De novo assembly of viral quasispecies using overlap graphs

Abstract

A viral quasispecies, the ensemble of viral strains populating an infected person, can be highly diverse. For optimal assessment of virulence, pathogenesis, and therapy selection, determining the haplotypes of the individual strains can play a key role. As many viruses are subject to high mutation and recombination rates, high-quality reference genomes are often not available at the time of a new disease outbreak. We present SAVAGE, a computational tool for reconstructing individual haplotypes of intra-host virus strains without the need for a high-quality reference genome. SAVAGE makes use of either FM-index-based data structures or ad hoc consensus reference sequence for constructing overlap graphs from patient sample data. In this overlap graph, nodes represent reads and/or contigs, while edges reflect that two reads/contigs, based on sound statistical considerations, represent identical haplotypic sequence. Following an iterative scheme, a new overlap assembly algorithm that is based on the enumeration of statistically well-calibrated groups of reads/contigs then efficiently reconstructs the individual haplotypes from this overlap graph. In benchmark experiments on simulated and on real deep-coverage data, SAVAGE drastically outperforms generic de novo assemblers as well as the only specialized de novo viral quasispecies assembler available so far. When run on ad hoc consensus reference sequence, SAVAGE performs very favorably in comparison with state-of-the-art reference genome-guided tools.
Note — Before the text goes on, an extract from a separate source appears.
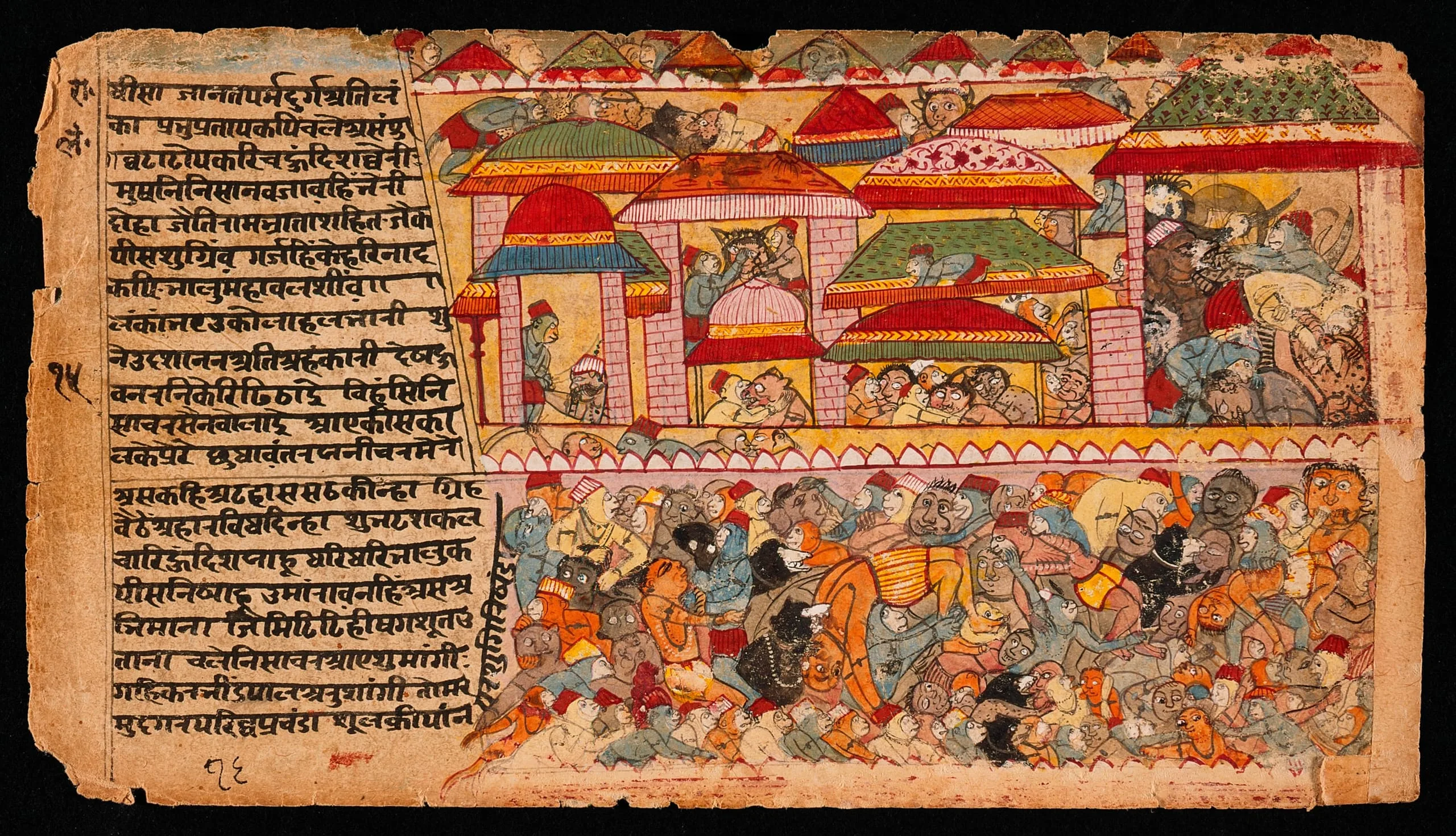 This folio (no. 15) is from a series of a vernacular Hindi recension of the Ramayana, the Ramacharitmanas (Holy Lake of the Deeds of Rama), composed in 1575 by Tulsidas (1511-1623), who was born in Soron, Uttar Pradesh, and studied Sanskrit grammar in Varanasi. The Ramacharitmanas differs primarily from the Ramayana in that it portrays Rama as divine rather than mortal and it gives considerably increased emphasis to the role and personality of Hanuman.

We also apply SAVAGE on two deep-coverage samples of patients infected by the Zika and the hepatitis C virus, respectively, which sheds light on the genetic structures of the respective viral quasispecies.

Figure 1.

An overview of the workflow and algorithms of SAVAGE. (A) The three stages of SAVAGE. Each assembles sequences into longer sequences. For clarity, we assign different names to the sequences output by each stage: contigs, maximally extended contigs, and master contigs, respectively. (B) Principle of overlap graph construction and distinction among the reads between errors and shared mutations. (C) Each stage has two steps: first, the overlap graph construction; second, assembly. This panel summarizes the differences in each step between the three stages. During overlap graph-based assembly, steps 4 to 6 are repeated iteratively until there are no edges left in the overlap graph.

Figure 2.

Target genome fraction recovered per strain for all 20,000× benchmarks, stratified by strain frequency.

Figure 3.

Performance of SAVAGE-de-novo and SAVAGE-b-ref, depending on pairwise distance and mixture ratio. (A) Target genome fraction recovered (%) considering all maximally extended contigs ≥500 bp. (B) Overall mismatch rate (%) considering all maximally extended contigs ≥500 bp. (C) Relative error of estimated frequency for the minor strain (%). Frequency estimates were computed using Kallisto, and only assemblies containing exactly two maximally extended contigs longer than 4000 bp were evaluated.

Figure 4.

Edge criteria. For an overlap to become an edge in the overlap graph, it must satisfy three criteria. First, the overlap length l must be at least the minimal overlap length L. Second, the overlap quality score QS(R₁, R₂) must be at least the minimal score δ. For overlaps involving paired-end reads, we require both l₁ ≥ L and l₂ ≥ L, and, analogously, $QS(R_{1_a},R_{2_a})\ge \delta$ and $QS(R_{1_b},R_{2_b})\ge \delta$. Finally, we only accept overlaps where the sequence orientations of a paired-end read agree: either both sequences in forward orientation, or both sequences in reverse orientation.

Figure 5.

Algorithmic details. (A) Read orientations: Given an edge u→v with orientations (−,+). Then, if u is labeled +, the induced label for v is −, while if u is labeled −, the induced label for v is +. This procedure leads to a vertex labeling in O(V) time. (B) Transitive edges: An edge u→w is called nontransitive, shown in black, if there is no vertex v such that there are edges u→v, v→w. It is called single transitive, shown in green, if for all vertices v such that there are edges u→v, v→w, one of the edges is nontransitive. It is called double transitive, shown in red, if there is a vertex v with edges u→v, v→w which are both transitive. (C) Read clustering by cliques (top) or by pairs (bottom). (D) Error correction: When a consensus sequence is constructed from a cluster of reads, the extremities are removed.